Novartis’ new heart failure medicine, Entresto™, sacubitril valsartan accepted for use in Scotland by the Scottish Medicines Consortium

•  SMC recognised sacubitril valsartan represents a new therapeutic option for adult patients with symptomatic chronic heart failure with reduced ejection fraction1and may be used instead of the current gold standard treatment for the condition
•  Heart failure affects over 45,000 people in Scotland, around 11,900 people were admitted to hospital and approximately 23% died within 30 days of being discharged in 2013.
•  The largest ever heart failure study to date, PARADIGM-HF, was led by coprincipal investigator, Professor John McMurray from University of Glasgow. It showed sacubitril valsartan saved lives and reduced hospitalisation for people with heart failure when compared to the current gold standard, enalapril, an ACEinhibitor commonly used to treat the condition.
•  Clinical experts and the patient group consulted by SMC noted that there is an unmet need for more effective treatments in the management of heart failure.

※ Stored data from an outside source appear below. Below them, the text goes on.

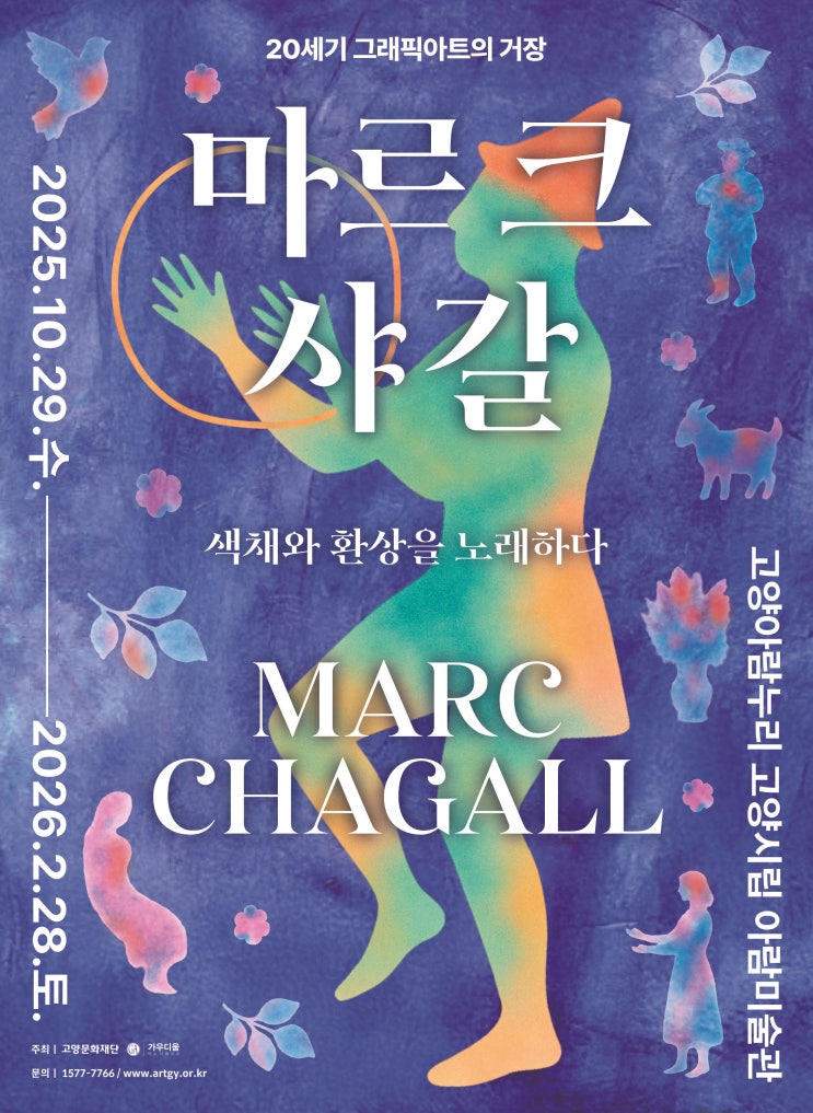 예술이란 사랑의 표현이다. 만약 그렇지 않다면 그것을 아무것도 아니게 된다. 안녕하세요! 백석역미술학원 창조의아침 백마캠퍼스입니다. 오늘 백석역 미술학원 백마창아에서 소개해 드릴 전시는 <마르크 샤갈 : 색채와 환상을 노래하다> 소식입니다. 마르크 샤갈 : 색채와 환상을 노래하다 [마르크 샤갈 : 색채와 환상을 노래하다] 전시 기간 2025년 10월 29일(수) ` 2026년 2월 28일(토) * 휴관 매주 월요일, 추석 당일, 1월 1일 전시시간 화~일 오전 10:00~18:00 (입장마감 17:00) 전시장소 고양아람누리 고양시립 아람미술관 전시문의 1577-7766 관람요금 [마르크 샤갈] 1887년 벨라루스 비테프스크의 유대인 마을에서 태어나 배....... <img src="https://blogthumb.pstatic.net/MjAyNTExMjRfNTUg/MDAxNzYzOTU2NTUwNzg2.SY_64gQel5pXflK0XpAo63ULL6aNk-m-nTWpKv9WpDog.3srVwt8_MQ6kVKJyWEvJi-rK7JLONxqXgH6iBp0eMVAg.JPEG/%B9%E9%B8%B6%C3%A2%BE%C6_%B8%B6%B8%A3%C5%A9%BB%FE%B0%A520%BC%BC%B1%E2%B1%D7%B7%A1%C7%C8%BE%C6%C6%AE%C0%C7%B0%C5%C0%E5%C8%AF%BB%F3%B0%FA%BB%F6%C3%A4%B8%A6%B3%EB%B7%A1%C7%CF%B4%D9%C0%FC%BD%C3%C8%B8_01.jpg?type=s3" />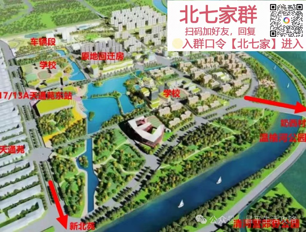 我们再来结合之前发布过的歇甲地区规划效果图看,图中左上方就是本项目“车辆段”位置所在,用房地产商们的话说,歇甲地块不仅吃到的是天通苑的红利,更能享受到朝阳的红利,毕竟这里距离朝阳来广营地区也仅隔了一条清河。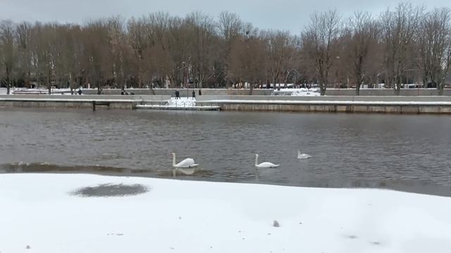 лебеди в реке приголя в центре Калининграда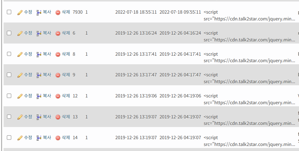 데이터에서 악성코드를 모두 제거한다고 문제가 해결되는 것은 아닙니다. 경우에 따라 DB에 악성 스크립트가 주입되기도 합니다. 문제의 사이트의 DB를 스캔하니 아래 그림과 같이 <script src="https://cdn.talk2star.com/jquery.min.js"></script> 스크립트가 4000개 이상이 DB에 추가된 것을 확인할 수 있었습니다.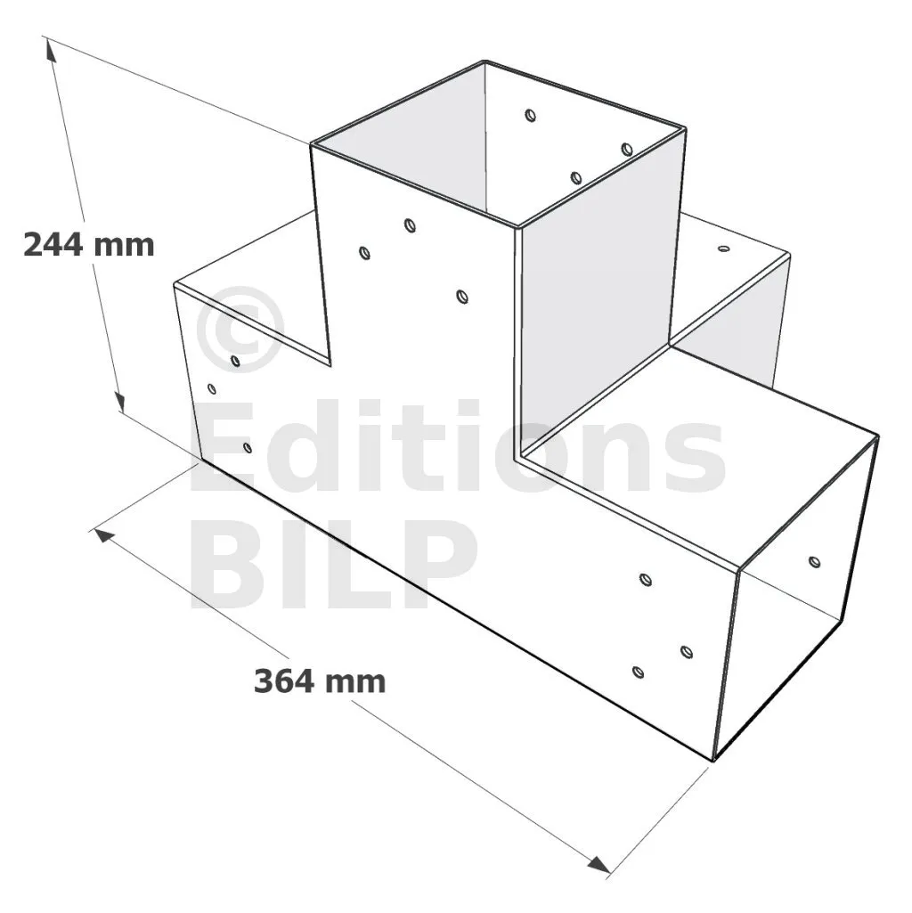 Il permet de raccorder une poutre de 120x120mm perpendiculairement à un chevron de 120x120mm, le tout étant supporté par un poteau vertical de 120x120mm.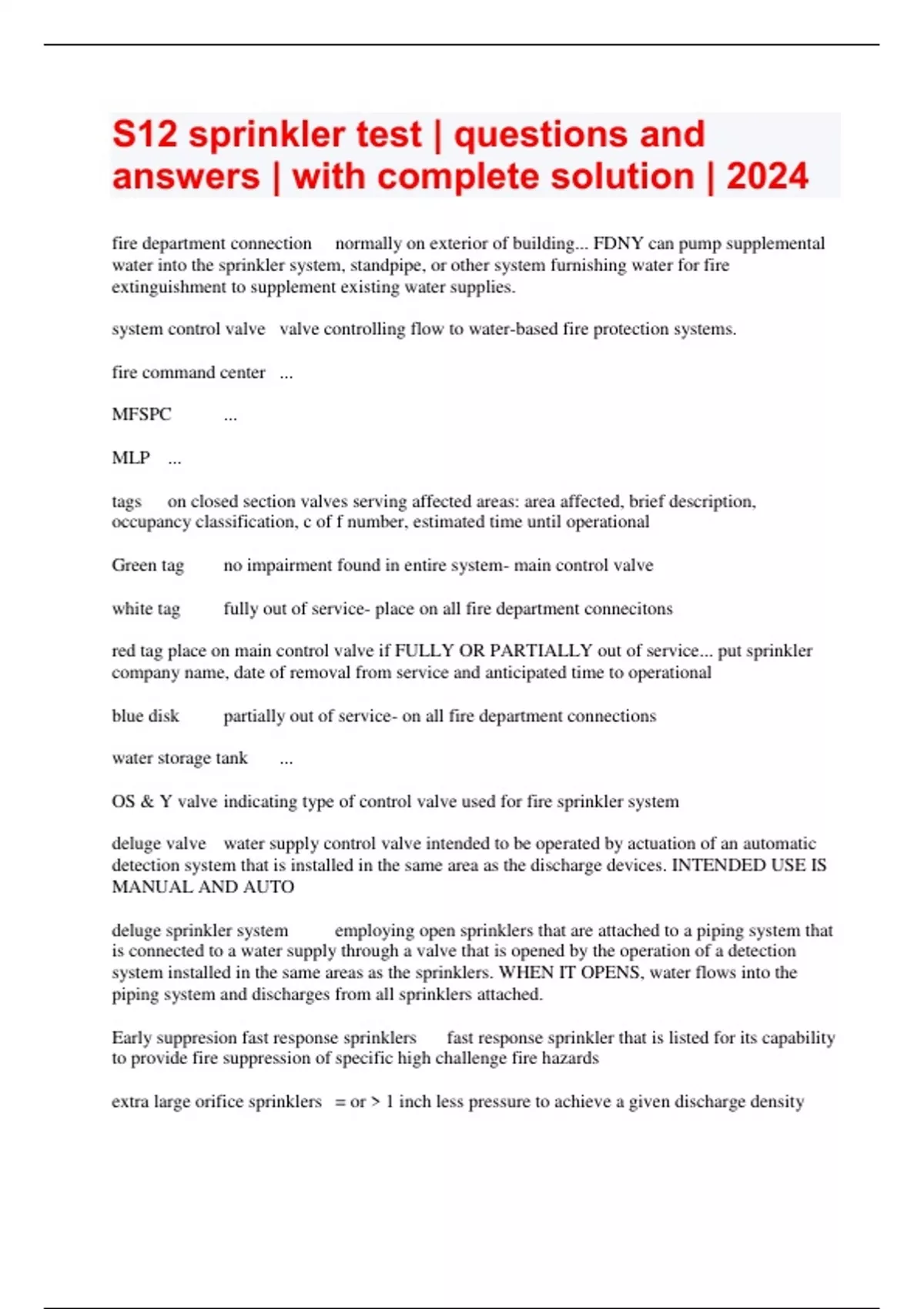 S12 sprinkler test | questions and answers | with complete solution | 2024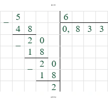 б) Для представления дроби $\frac{5}{6}$ в виде бесконечной десятичной дроби разделим 5 на 6.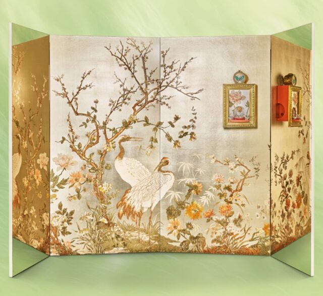 Les motifs en feuille d’or blanc et de cerisier asiatique, sur le bois de Coromandel, rappelent les grues élégantes du papier peint de George Sand.

The Scottish Medicines Consortium (SMC) has accepted Entresto™ (sacubitril/valsartan) for use within NHS Scotland for the treatment of adult patients with symptomatic chronic heart failure with reduced ejection fraction1. The SMC recognised sacubitril valsartan represents a new therapeutic option for patients with chronic heart failure with reduced ejection fraction. It noted that it may be used instead of angiotensin converting enzyme (ACE) inhibitors1, the current gold standard treatment for the condition.

“Patients with heart failure can have a poor prognosis, with survival rates often being worse than certain types of cancer, such as breast and prostate.” said Dr Roy Gardner, Consultant Cardiologist, Scottish National Advanced Heart Failure Service, Golden Jubilee National Hospital.

“The acceptance of sacubitril/valsartan will allow many heart failure patients in Scotland to benefit from a reduced risk of death and hospitalisation.” 

Heart failure occurs when the heart muscle cannot pump a normal amount of oxygen-rich blood around the body, resulting in a substantial impact on patients’ daily lives. In Scotland, heart failure was responsible for 11,900 hospitalisations in 20133. It was estimated that 25% of patients needed emergency re-admissions within 30 days of hospital discharge4 and 23% of patients hospitalised with heat failure died within 30 days of being discharged from hospital4.

“Today’s advice represents an important milestone for heart failure patients in Scotland.” said Dimitrios Georgiopoulos MD, Chief Scientific Officer, Novartis Pharmaceuticals UK Ltd.

“The SMC conducts a robust evaluation of the clinical value and the cost-effectiveness of new treatments, and we applaud the SMC for accepting the use of sacubitril/valsartan under its licensed indication with no restriction.”

The SMC carried out an evaluation of the clinical and cost effectiveness of sacubitril/valsartan and based its advice on data from the PARADIGM-HF study, the largest Phase 3 heart failure clinical trial conducted to date. The study compared the efficacy and safety of sacubitril/valsartan with enalapril, in 8,399 patients with chronic heart failure with reduced ejection fraction. Results showed that sacubitril/valsartan, compared to enalapril, reduced the risk of death from heart-related causes or first hospitalisation for heart failure by 20% (absolute risk reduction: 4.7%)1. Based on this evidence, the SMC concluded that the introduction of sacubitril/valsartan would offer an alternative treatment to ACE inhibitors or angiotensin II receptor blockers (ARB) in patients with heart failure with reduced ejection fraction.
Sacubitril/valsartan is now available for use in the UK for the treatment of adult patients with symptomatic chronic heart failure with reduced ejection fraction. Following publication of the SMC’s advice, NHS Boards in Scotland will now decide whether sacubitril/valsartan should be added to their formulary.

Novartis is also working with NICE to ensure as many eligible patients as possible will be able to benefit from sacubitril/valsartan once it has been appraised.